Страница 64 из 73
Актриса подала королю бумагу, которую она вынула из кармана. Филипп взял ее и, бросив беглый взгляд, возвратил назад Кальдероне.
— Хорошо! Хорошо! — сказал он. — Во всяком случае, не вам извиняться, милое дитя, я должен просить у вас извинения за то, что так внезапно явился к вам.
— О государь, я так счастлива!..
— Право! Вы не желаете от меня извинения? Увидев вашу игру сегодня вечером, я пожелал высказать вам лично, тотчас же, весь интерес, какой вы мне внушили. И если б я был расположен выразить вам этот интерес самым нежным образом, вы не оттолкнули бы меня?..
Король прижал к губам руку Кальдероне.
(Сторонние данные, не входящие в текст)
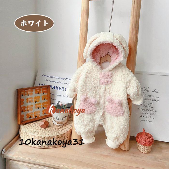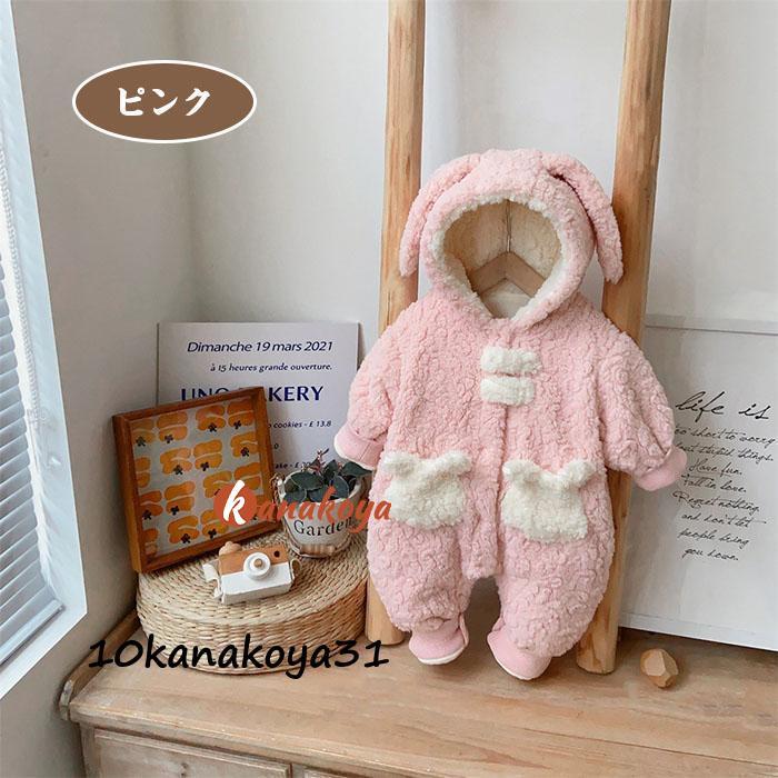ロンパース ベビー ボアロンパース 兎耳フード ジャンプスーツ カバーオール 赤ちゃん ベビー 秋冬 裏起毛 長袖 防寒 新生児 可愛い ウサギ 着ぐるみ 出産祝い
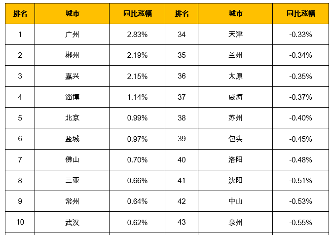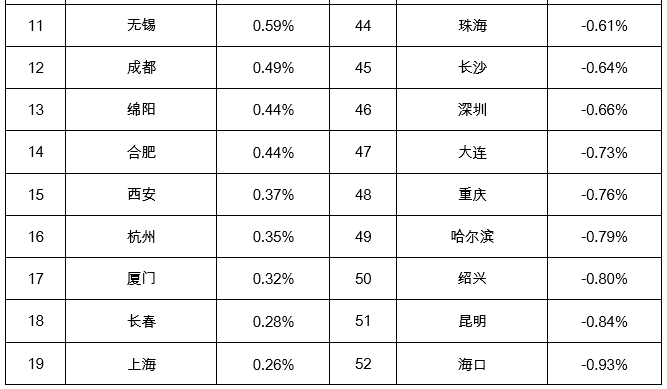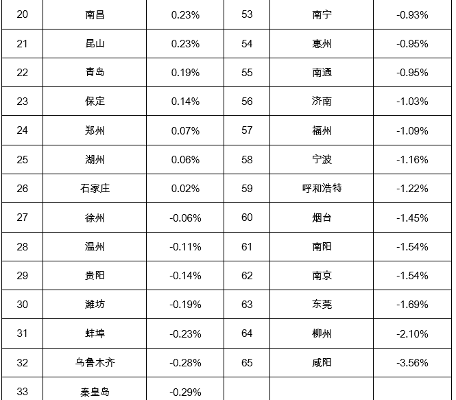 四、全国65城二手房挂牌价同比涨幅城市排行榜
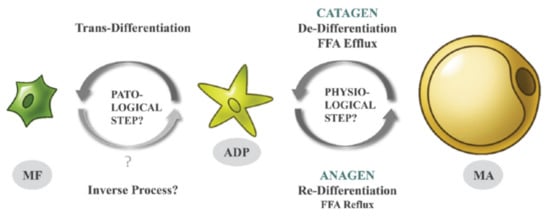 Recently, we demonstrated, in murine models, that these oscillations are the result of specific cellular conversions; mature dermal adipocytes de-differentiate in the catagen phase into the much smaller fibroblast-like adipocyte-derived preadipocytes (ADPs) and re-differentiate in anagen back into mature adipocytes (Figure 1) [3,4]. Such physiological processes of de- and re-differentiation of adipocytes repeat during every HF cycle and involve a large number of murine dermal adipocytes. The remaining mature adipocytes in the dWAT layer may be recruited from distinct adipose progenitors that were not subject to such previous cyclic conversions.
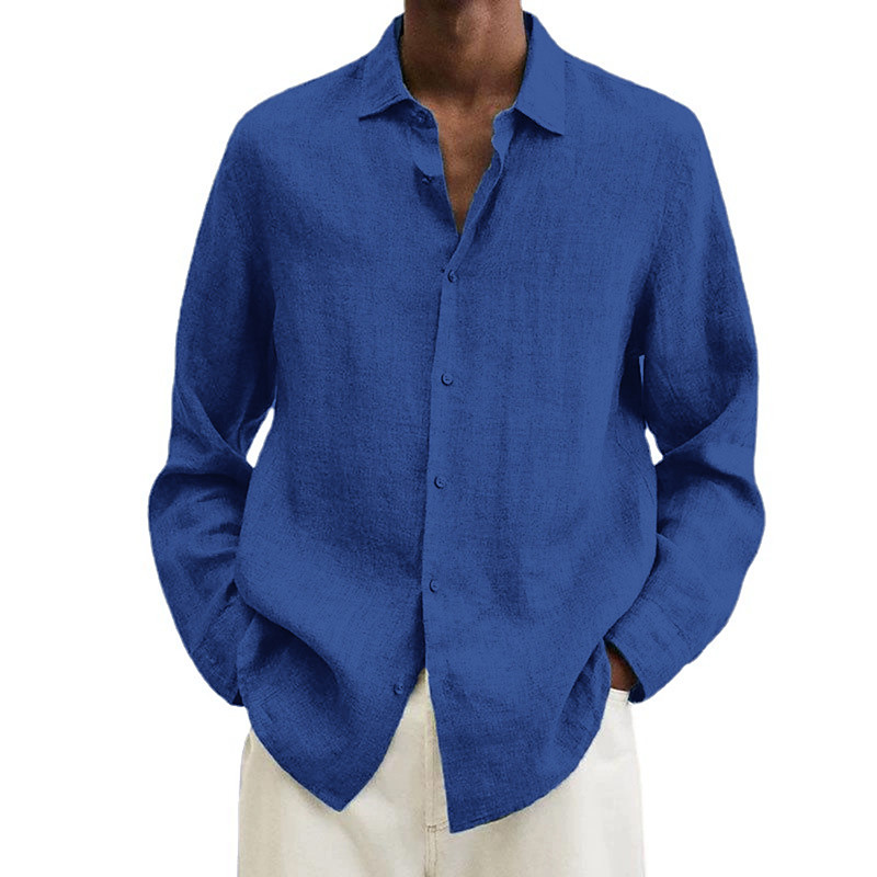 Men's Cotton Linen Shirt Black Pink Navy Blue Long Sleeve Plain Turndown Vacation Holiday Clothing Apparel Polyester Fashion Casual
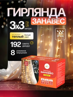 Гирлянда Занавес теплый свет 3х3м 16 нитей
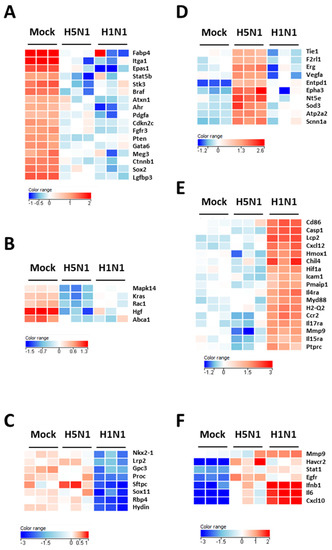 Heat maps of selected genes in the lungs of mock- H1N1- and H5N1-infected mice at day 4 pi. Representative genes of each cluster were selected and represented as a heat map. Genes shown in red are upregulated and genes in blue are downregulated. The magnitude of the regulation is illustrated by the intensity of the color. (A) Heat map of genes from cluster 1 and related to growth of epithelial tissue; (B) Heat map of genes from cluster 2 and related to quantity of AT2 cells; (C) Heat map of genes from cluster 3 and related to respiratory system development; (D) Heat map of genes from cluster 4 and related to edema of lung; (E) Heat map of genes from cluster 5 and related to inflammation of lung; (F) Heat map of genes from cluster 6 and related to infection of lung.
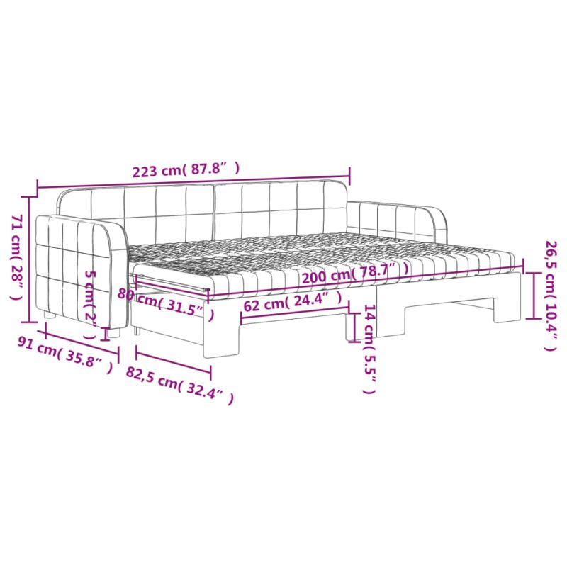 Това канапе 2-в-1 с изтеглящо разтегателно легло, което служи едновременно като диван и легло, е практично и атрактивно допълнение към вашата всекидневна или спалня. Функционална мебел: Канапето функционира като диван през деня и лесно се превръща в двойно легло през нощта чрез издърпване на механизма за изтеглящо разтегателно легло, осигурявайки удобно решение за настаняване на гости и увеличаване на пространството.Комфортен матрак от дунапрен: Тази кушетка се доставя с два матрака от дунапрен за максимална опора и оптимален комфорт.Меко канапе и солидна конструкция: Това канапе има здрава рамка от дърво и метал и е тапицирано с меко и комфортно кадифе.

Наступило молчание, министр и служанка деликатно отвернулись. В это время губы короля переместились. О! Филипп был очень тороплив в любви!.. Впрочем, не торопливее герцога Медины.
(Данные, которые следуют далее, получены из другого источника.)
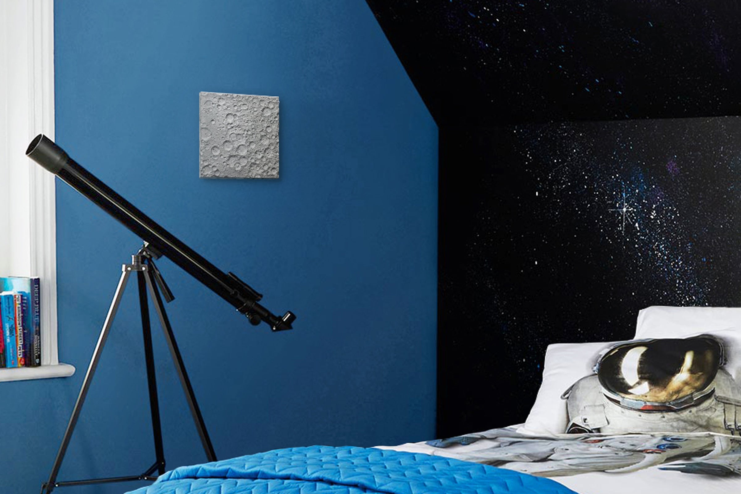 180mm x 180mmのこのディスプレイ用作品は、壁や棚に最適です。何百万年にもわたる隕石の絶え間ない衝突により、クレーターがあちらこちらにある、月面の最も美しいエリアを詳細に表現しています。月面のこの段階的な変化の様子が、最終的に、私たちがよく知る独特の外観へと繋がっています。
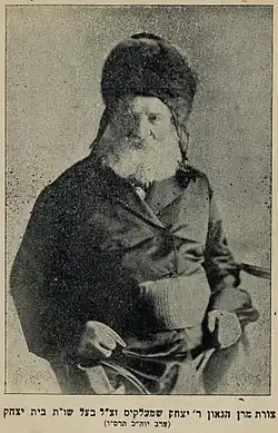 Rabbi Yitsḥak Yehudah Schmelkes (1827–1905), a talmudic scholar of Galicia, was born in Lemberg (Lviv, Ukraine), the son of Ḥayyim Samuel Schmelkes, claiming descent from Eleazar b. Samuel Schmelke Rokeaḥ.[1] He was the head of the rabbinical court in Lviv from 1869-1893.[2] His Beit Yiẓḥak (6 vols., 1875–1908), on the four parts of the Shulḥan Arukh, was widely acclaimed.[2] His opinion on halakhic questions was sought by many prominent contemporary scholars.[3]
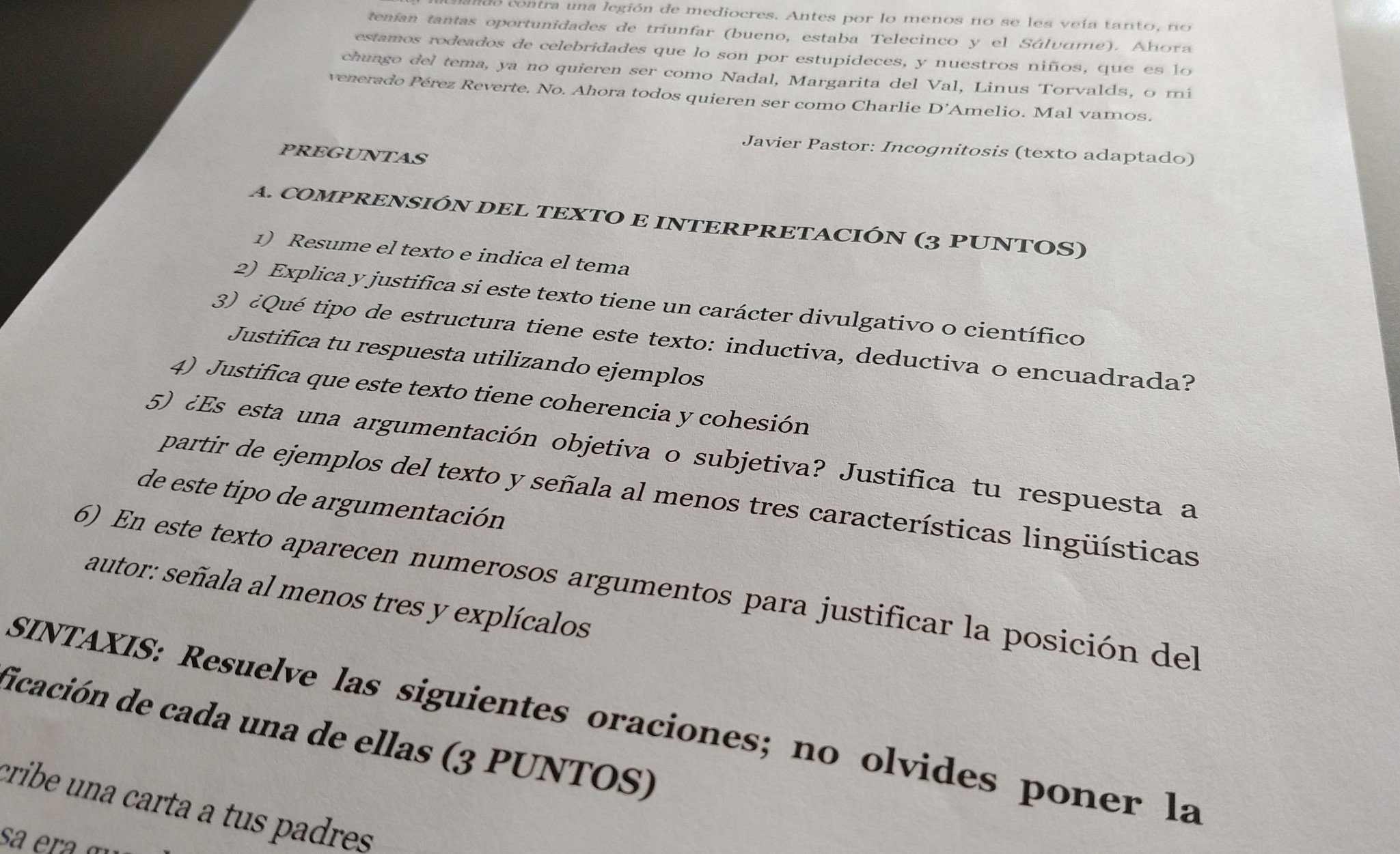 El caso es que Jorge valoraba eso, y es además aquí donde venía la sorpresa. El chico es profesor de 4º de la ESO y me contaba que mi post de "Y los mediocres conquistarán el mundo (o al menos, TikTok)" se había convertido en un examen. Lo utilizó precisamente para hacerles unas preguntas a sus alumnos sobre su comprensión lectora y su interpretación de texto.
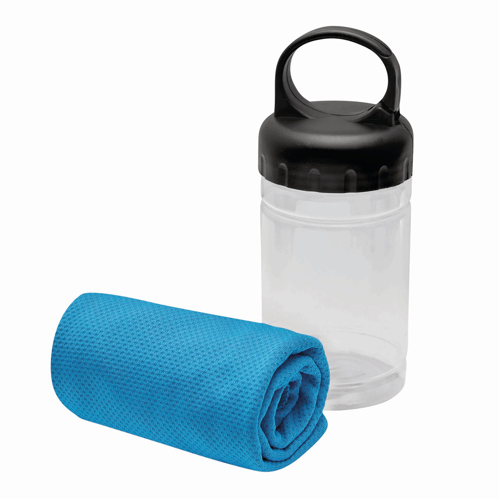 Kühlhandtuch CHILLING: in transparenter Dose, integrierter Sonnenschutzfaktor, für einen lang anhaltenden Kühleffekt Handtuch mit Wasser befeuchten und schleudern oder Wasser zur Dose hinzugeben und gut schütteln, Deckel mit Karabinerhaken (der Karabiner ist NICHT als Sicherung beim Klettern geeignet) - ideal für Fitness und Sportaktivitäten

— Ты никого не любишь? — вполголоса спросил Филипп Кальдероне.
— Никого, — не колеблясь, отвечала она.
— Ни Морето… ни Кальдерона?..
Она взглянула на короля.
— К чему мне любить их?
— Просто спросил! Я не знаю, от кого я слышал, что оба поэта ухаживают за тобой.
Она наклонила голову, чтобы поразмыслить. «Это Морето говорил обо мне королю из ненависти к Кальдерону, которого я предпочла ему».
— Вас обманули, ваше величество! Я не люблю ни того, ни другого… я только дружу с Кальдероном, который добр, и совершенно равнодушна к Морето, который завистлив и зол.
— Может, ты права, — сказал Филипп. — Оливарес!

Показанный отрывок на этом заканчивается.